私は音楽を聴きながら車窓を眺めるのが好きで、はくとの無料Wi-Fiを使おうとしたがうまく繋がらず、auのインターネットを使った。
以前は車掌さんが切符の検札に来たのだが、今回はそれもなかった。
走り出してしばらくして、竜野駅の手前で緊急停止した。
踏切で緊急ボタンが押されていたということで、5分後に何もなかったということで運転を再開した。
どうも、いたずらがなされたらしい。
大阪駅で乗り換えて大和路快速で天王寺駅に向かった。
私は学生時代に名古屋と東京近辺の大都会生活を経験しているのだが、もうこういう都会の雰囲気には違和感しか感じない。

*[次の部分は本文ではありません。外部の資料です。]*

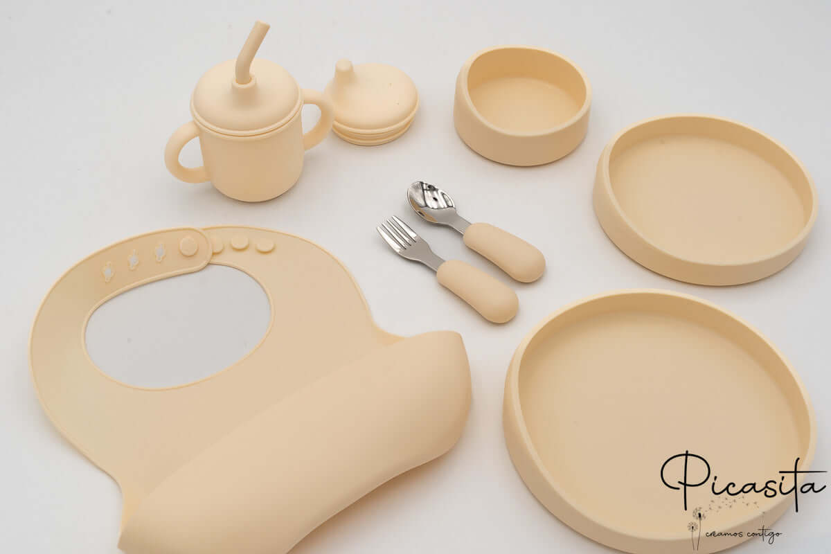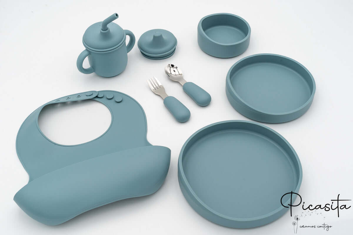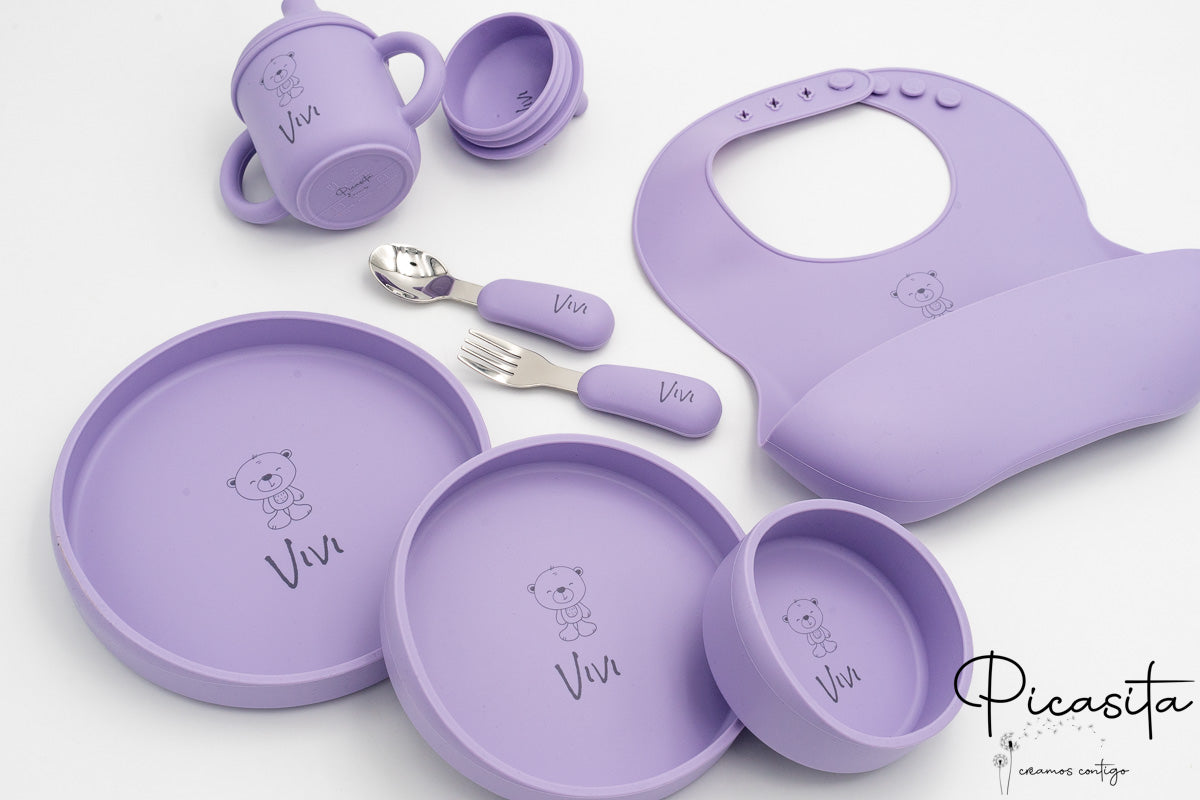 Fördern Sie die Selbstständigkeit Ihres Kleinen mit unserem exklusiven personalisierten Baby-Geschirrset von Picasita. Dieses umfassende Lebensmittelsilikon-Geschirrset ist so konzipiert, dass es Ihr Kind ab 5-6 Monaten begleitet und das perfekte Werkzeug für den Beginn der Beikost und die Baby Led Weaning (BLW)-Methode ist. Wenn Sie maximale Sicherheit und Stil suchen, entdecken Sie unser gesamtes Sortiment an personalisiertem Kindergeschirr.

大阪は住んだことがないし、運河のある景色は独特で何度来ても懐かしさを感じない。
天王寺駅を降りるのは初めてで、公園口から市立美術館までは「てんしば」という芝生の公園が続いていた。
平日にも関わらず大勢の人がレストランや芝生の上で食事を楽しんでいた。
市立美術館では当日入場券を求めている人の長い列に驚かされた。
家内が前売り券を買っておいてくれたお陰で、すこし安くついたし並ばなくても済んだ。
美術館の中は人でごった返しており、時計の反対回りで見るように案内されるが、展示品にしがみついた人並みはなかなか動いてくれなかった。
私は展示品をじっくり見る気も無かったし、見てもその価値がよく分からなかったので、人垣の後ろからその隙間に見える作品を眺めた。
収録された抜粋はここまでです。